> [Brief]:
Your answer should hold only the lines from the one containing "ふわとろの食感と、可愛らしい" through the last line below, copied exactly; pictures stay out.

> [Information provided]:
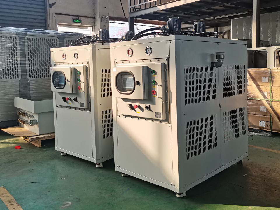 防爆冷水機(jī)組 螺桿式防爆制冷機(jī)組 復(fù)疊式超低溫防爆冷凍機(jī)組用于(如:可燃性氣體,粉塵環(huán)境,煉油、化工、石化,加油站、加氣站等) , 爆炸性氣體環(huán)境 大氣條件下,氣體、蒸汽或霧狀的可燃物質(zhì)與空氣構(gòu)成的混合物 ,在該混合物中點(diǎn)燃后,燃燒將傳遍整個(gè)未燃混合物的環(huán)境。
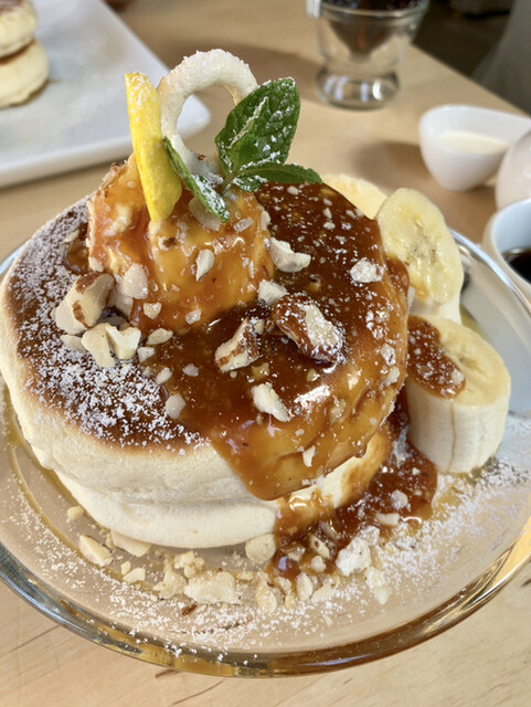ふわとろの食感と、可愛らしい見た目に夢中になる人が後を絶たない人気店。季節によってフルーツや食材を組み合わせた、リコッタチーズ入りのぱんけーきは分厚く2枚提供されますが、ぺろりと食べられてしまう軽さです。
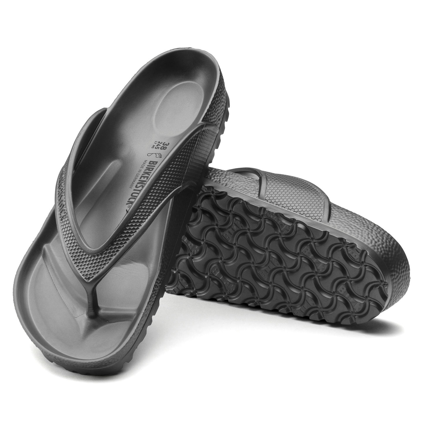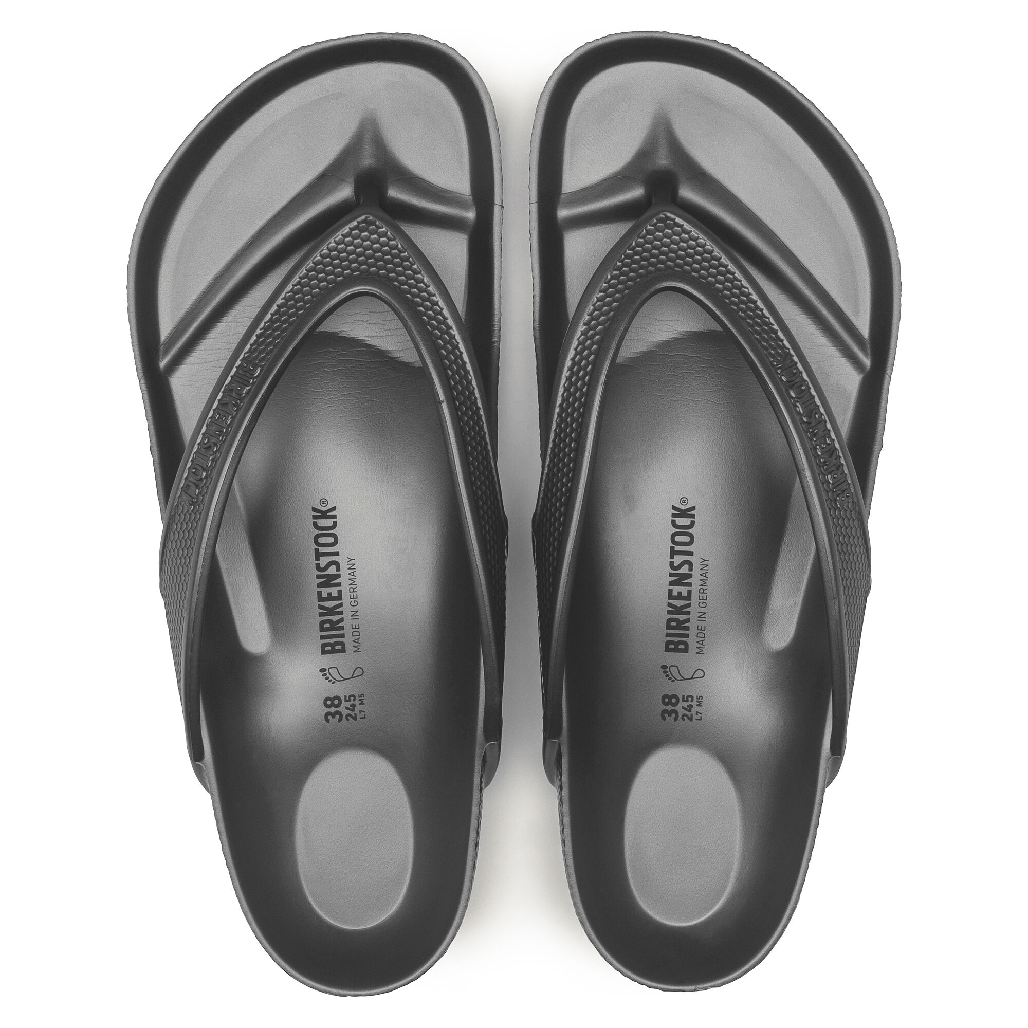 The BIRKENSTOCK Honolulu is a sporty thong sandal with embossed straps. Modeled on the cork sandal, this sandal is made from light, flexible and waterproof EVA.

> [Expected answer]:
ふわとろの食感と、可愛らしい見た目に夢中になる人が後を絶たない人気店。季節によってフルーツや食材を組み合わせた、リコッタチーズ入りのぱんけーきは分厚く2枚提供されますが、ぺろりと食べられてしまう軽さです。
 The BIRKENSTOCK Honolulu is a sporty thong sandal with embossed straps. Modeled on the cork sandal, this sandal is made from light, flexible and waterproof EVA.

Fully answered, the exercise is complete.